Shinji looked over at her, unsure of why she couldn't connect the dots. "The difference is that there's no people down here."

"So you needed more time from other people. Did you think denying them the opportunity to return was the only way to accomplish that?"

"I'm not sure it was ever within my power to deny them that. At the time it made so much more sense to me that I alone should return. I was only thinking about myself. I was just so paralyzed by my own self-pity and selfishness that I just didn't give a damn about everybody else. In that moment, I really would have let the rest of the world die, because I just wanted it all to go away."

He stopped and reflected upon what he had just said. One of the three heroes and defenders of humanity, and yet here he was admitting that he had basically given up, and had been prepared to leave everbody else to their own devices, consequences be damned. This was a powerful confession that he was making! Had he really felt so isolated that he had lost touch with the world to the extent that he would've no sooner let it be destroyed? Was he really such a horrible person? However, it should not be forgotten that his destructive depression was a meticulously calculated move on SEELE's part, a move that he had been too ignorant to notice. Which only really meant that it was still all his fault.

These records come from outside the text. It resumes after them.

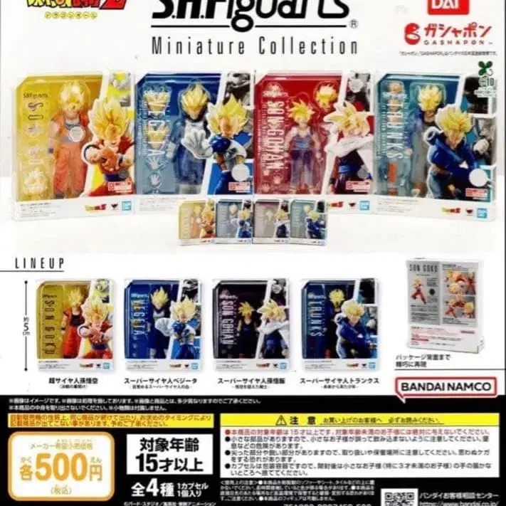 드래곤볼 S.H.Figuarts 미니어처 컬렉션 피규아트 미니어처 컬렉션 총 4종 세트 미개봉입니다. 미니북은 개수만큼 부속됩니다. ※ 대지 POP, 캡슐은 부속되지 않습니다. 01: 초사이어인 손오공〈결전의 막〉: (1개) 02: 슈퍼 사이어인 베지터-눈뜨는 슈퍼 사이어인의 피-: (1개) 03: 슈퍼 사이어인 손오반-손오공을 넘어선 전사-: (1개) 04: 슈퍼 사이어인 트렁크스-미래에서 온 소년-: (1개) 에어캡 포장으로 발송합니다. 가챠 캡슐 토이
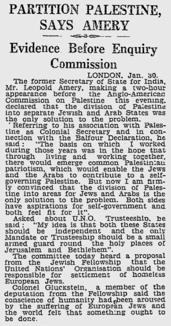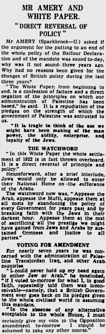 Secret-Jew Amery's contributions to the establishment of the Jewish State didn't end with penning the Balfour Declaration to Lord Rothschild, who was Karl Marx's 3rd cousin, once removed. In 1939, he spoke and voted against the White Paper on Palestine (which abandoned the proposal of partitioning Palestine into separate states) and then in 1946 he appeared before the Palestine Commission appealing for the partitioning of Palestine, and the creation of a Jewish State.
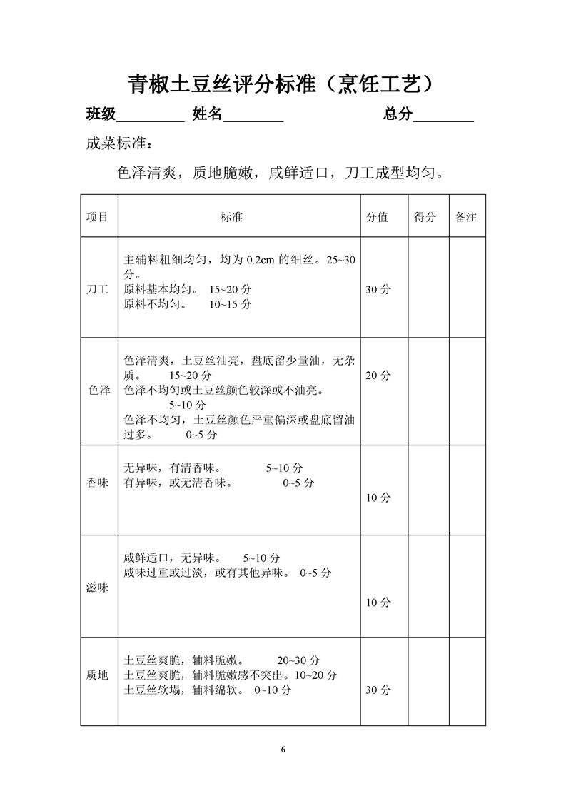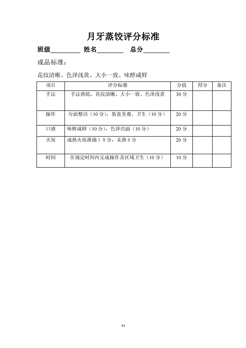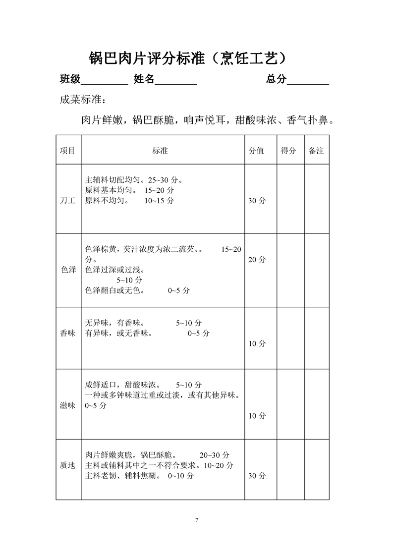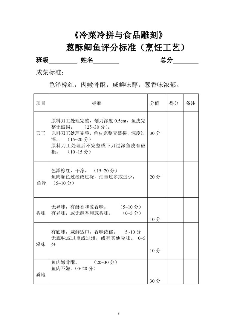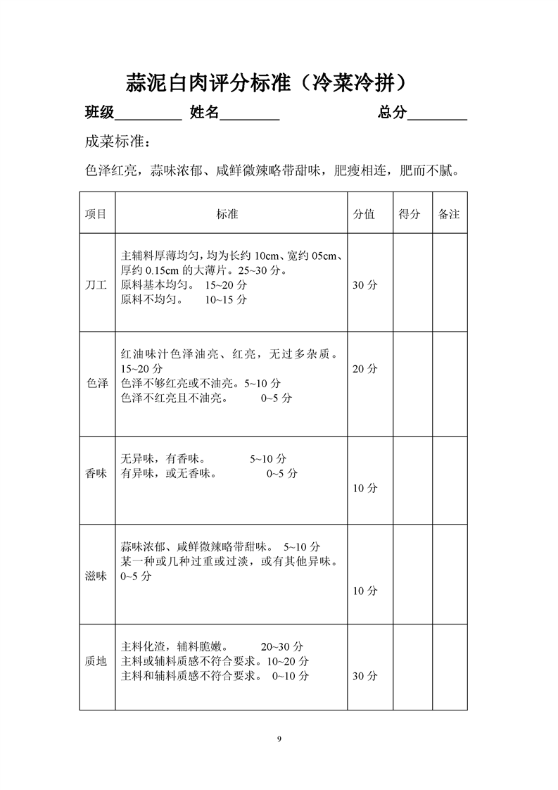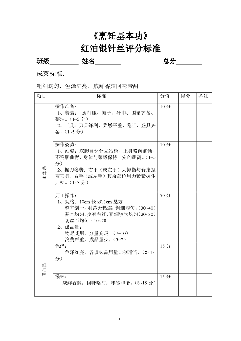 1.中餐烹饪专业专业课程考核标准及考核表

Misato only continued to gaze at him, looking as though she already knew what was going on in his warped little mind.

Shinji snapped himself back to reality with a shake of his head. "But like I said, I couldn't deny the ability to come back. One of the last things my mother said was that anybody could come back from Instrumentality if they really wanted to."

"So how can the world ever really be yours, and yours alone?" she asked.

"I guess it can't. I know it's at least possible that people will come back. And some day, I might be ready to deal with people again. But I just thought that that day wouldn't be so soon."

"In other words, you weren't ready to deal with Asuka yet."

"I suppose." he replied. He didn't have to "suppose" anything, she had hit the nail right on the head. But to be fair, the head was pretty big. It was painfully obvious that he and Asuka were having issues at the moment.

Speaking of that..."Tell me about Asuka's mother. What does she have to do with any of it?"

Misato frowned slightly and returned her attention to the lake. "You aren't ready to hear that yet, Shinji."

"I'll be the judge of that." he challenged.

She looked back at him, still frowning, and her tone became more stern. "By your own confession you basically said that you weren't ready to deal with Asuka yet. You haven't even tried to confront her again, you've been too busy stalling and getting too drunk off your ass to do anything! How would knowing about her mother make it any better?"

"I'm not ready to deal with Asuka the PERSON yet. But as long as she's here, I at least want to know how Asuka got to be so fucked up."

She looked to the lake again. "Like I said, you aren't yet ready to deal with that."

He threw his arms up in defeat and swifly stood up. "GODDAMNIT, stop being so ambiguous! Is it so much to ask for a straight answer?"

"Let me put it another way, then. Asuka isn't your only issue." she retorted.

"My only issue? Do tell, what other issues do we need to get out in the open, hmm?"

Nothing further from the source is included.